Introduction and Definition

Neonatal seizures represent a critical neurological emergency in the newborn period, defined as seizures occurring within 4 weeks after birth in full-term infants or within 44 weeks of postmenstrual age in preterm infants. The International League Against Epilepsy (ILAE) has developed a comprehensive diagnostic framework to classify neonatal seizures,[1] which facilitates the use of common terminology and assists clinicians in making treatment decisions. This classification system has become essential for standardizing clinical practice and research in neonatal neurology.

Most neonatal seizures are transient and result from acute metabolic disturbances, infectious processes, or acute focal cerebral lesions, and are therefore considered to be provoked seizures. Provoked seizures are not classified as epilepsy, which is defined as two or more unprovoked seizures,[2] and typically do not require long-term treatment with antiseizure medication. In contrast, neonatal epilepsy syndromes, though uncommon, frequently have genetic causes and may require long-term treatment.[3]
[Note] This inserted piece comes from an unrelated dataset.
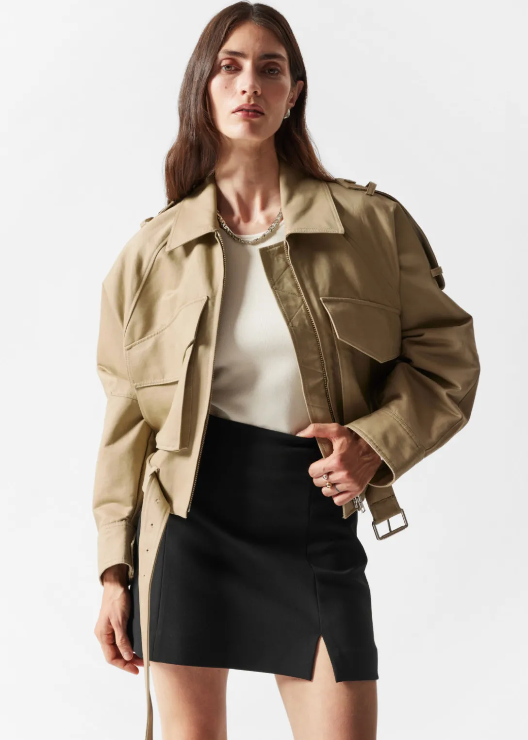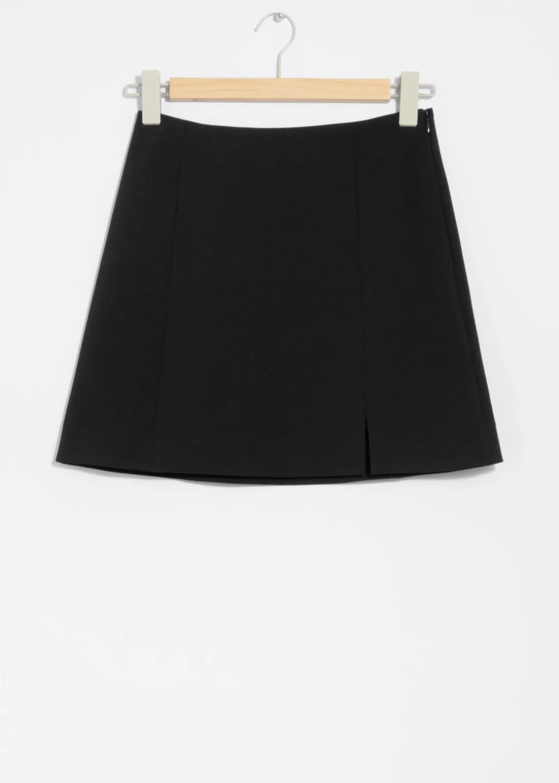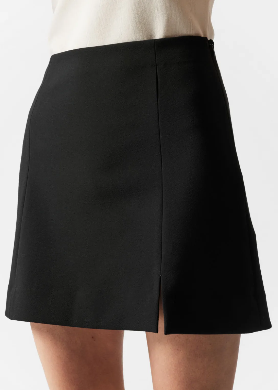 Mini-jupe à taille haute, dotée d’une finition épurée et de découpes verticales.

Epidemiology and Incidence

The epidemiology of neonatal seizures reveals significant variation based on gestational age and clinical setting. The estimated incidence of neonatal seizures is 2.29 cases per 1000 live births.[4] However, this incidence varies substantially between preterm and full-term populations, with higher rates reported among preterm neonates compared to full-term neonates (14.28 cases per 1000 vs. 1.10 per 1000).[4] This differential incidence reflects the increased vulnerability of preterm infants to neurological complications and the distinct pathophysiological mechanisms underlying seizures in different gestational age groups.
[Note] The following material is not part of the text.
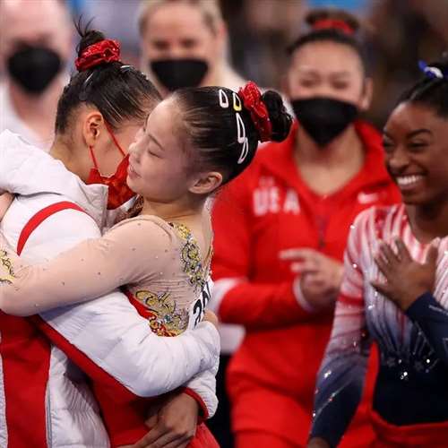 照片中,管晨辰和平衡木亚军唐茜靖激动拥抱,而站在一旁笑容灿烂、真诚祝福的则是美国体操名将拜尔斯和华裔选手苏妮莎·李。

The incidence data underscore the public health significance of neonatal seizures and highlight the need for specialized neonatal neurology expertise in intensive care settings, particularly those caring for preterm infants.

Etiology and Causes

The etiology of neonatal seizures varies significantly based on gestational age at birth. In full-term neonates, the most common cause of provoked seizures is hypoxic-ischemic encephalopathy (HIE), followed in frequency by stroke and infection. In contrast, in preterm neonates, the most common cause is intraventricular hemorrhage. Identifying the provoking event is essential for determining appropriate management strategies.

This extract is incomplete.